** PROVIDED DATA **
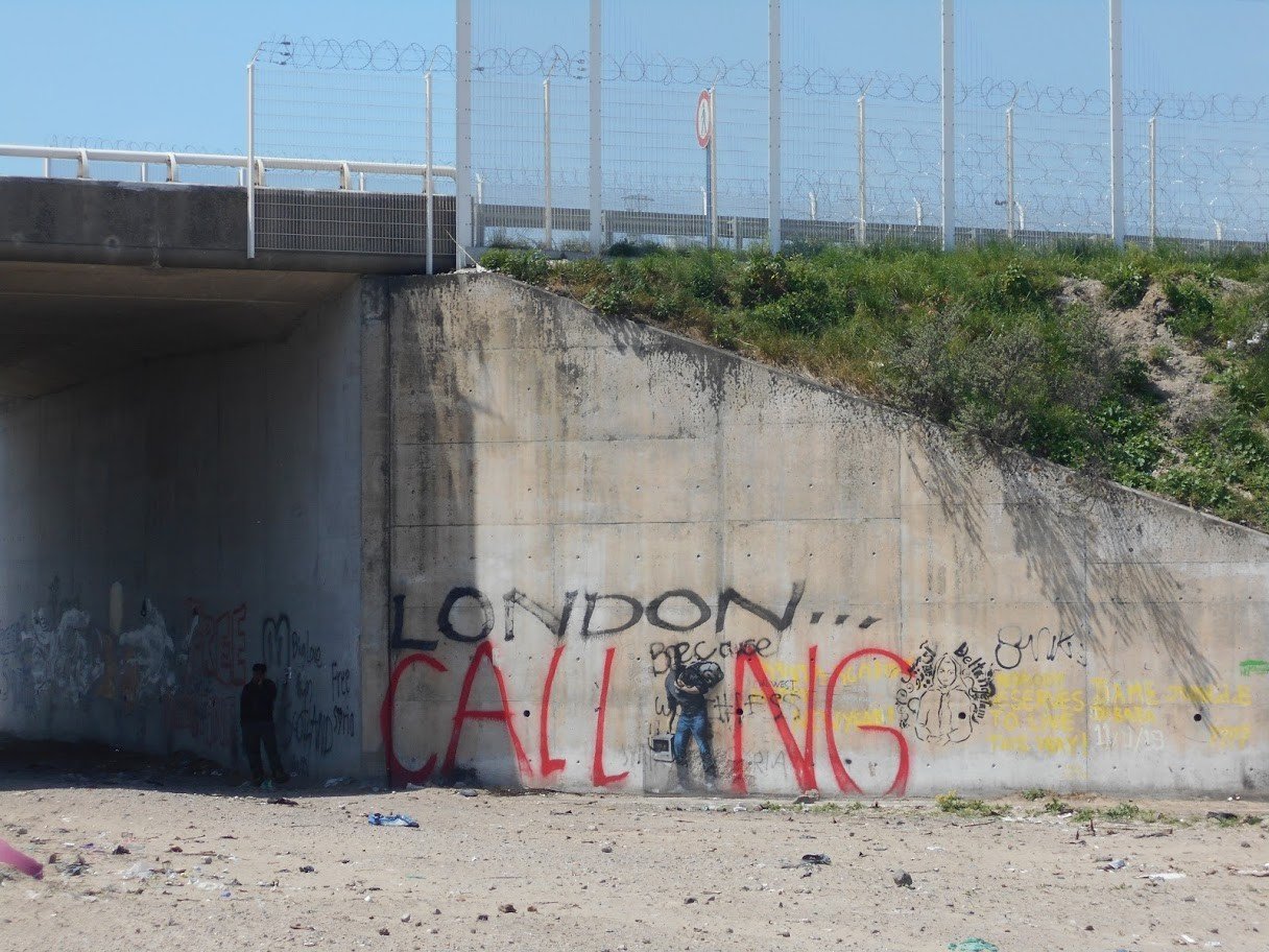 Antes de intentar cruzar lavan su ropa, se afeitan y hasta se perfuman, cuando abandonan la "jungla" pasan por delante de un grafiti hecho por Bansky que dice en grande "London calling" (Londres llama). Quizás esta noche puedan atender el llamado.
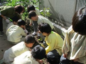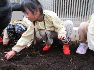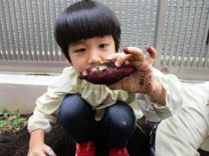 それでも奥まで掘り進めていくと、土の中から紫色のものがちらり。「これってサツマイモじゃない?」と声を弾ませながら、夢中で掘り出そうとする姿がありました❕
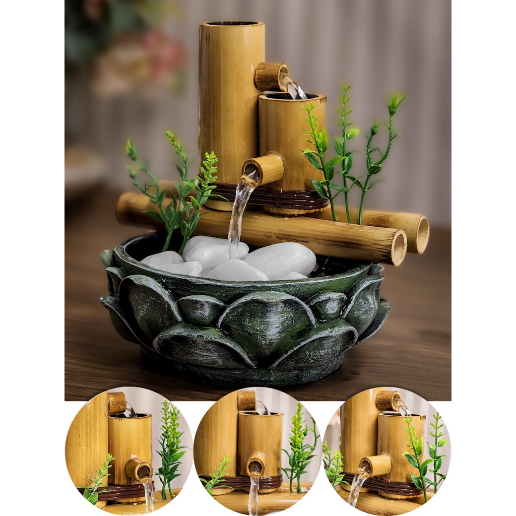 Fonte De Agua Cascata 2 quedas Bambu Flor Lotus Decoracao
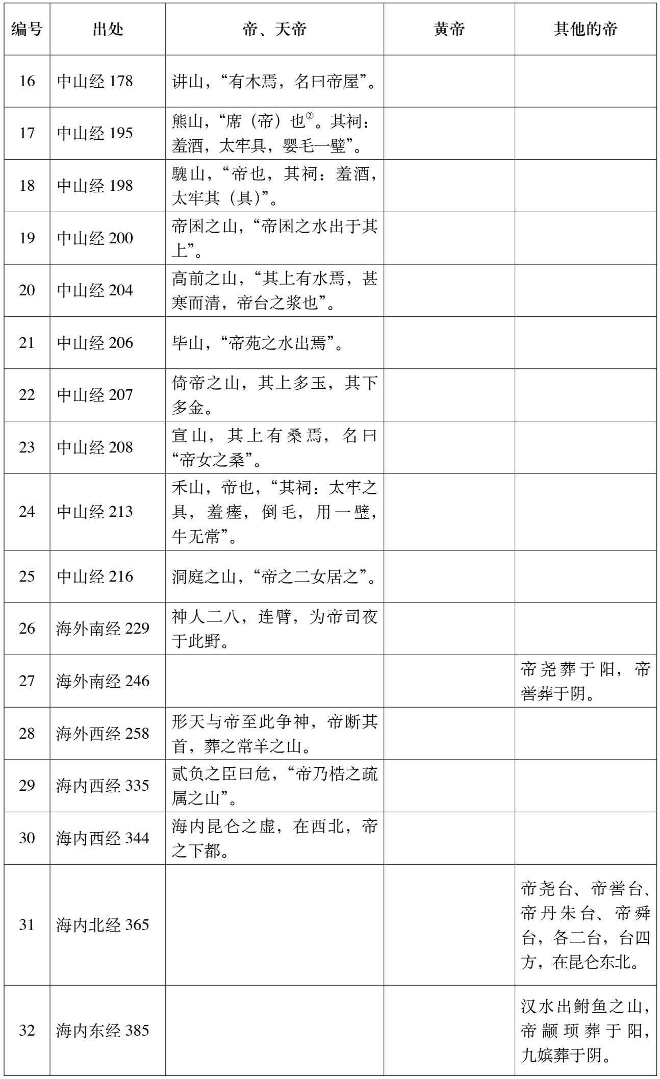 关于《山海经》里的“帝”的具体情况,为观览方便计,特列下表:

** HOW TO COMPLETE THIS TASK **
Each line above should be output exactly, apart from the pictures.

** SOLUTION BELOW **
 Antes de intentar cruzar lavan su ropa, se afeitan y hasta se perfuman, cuando abandonan la "jungla" pasan por delante de un grafiti hecho por Bansky que dice en grande "London calling" (Londres llama). Quizás esta noche puedan atender el llamado.
 それでも奥まで掘り進めていくと、土の中から紫色のものがちらり。「これってサツマイモじゃない?」と声を弾ませながら、夢中で掘り出そうとする姿がありました❕
 Fonte De Agua Cascata 2 quedas Bambu Flor Lotus Decoracao
 关于《山海经》里的“帝”的具体情况,为观览方便计,特列下表:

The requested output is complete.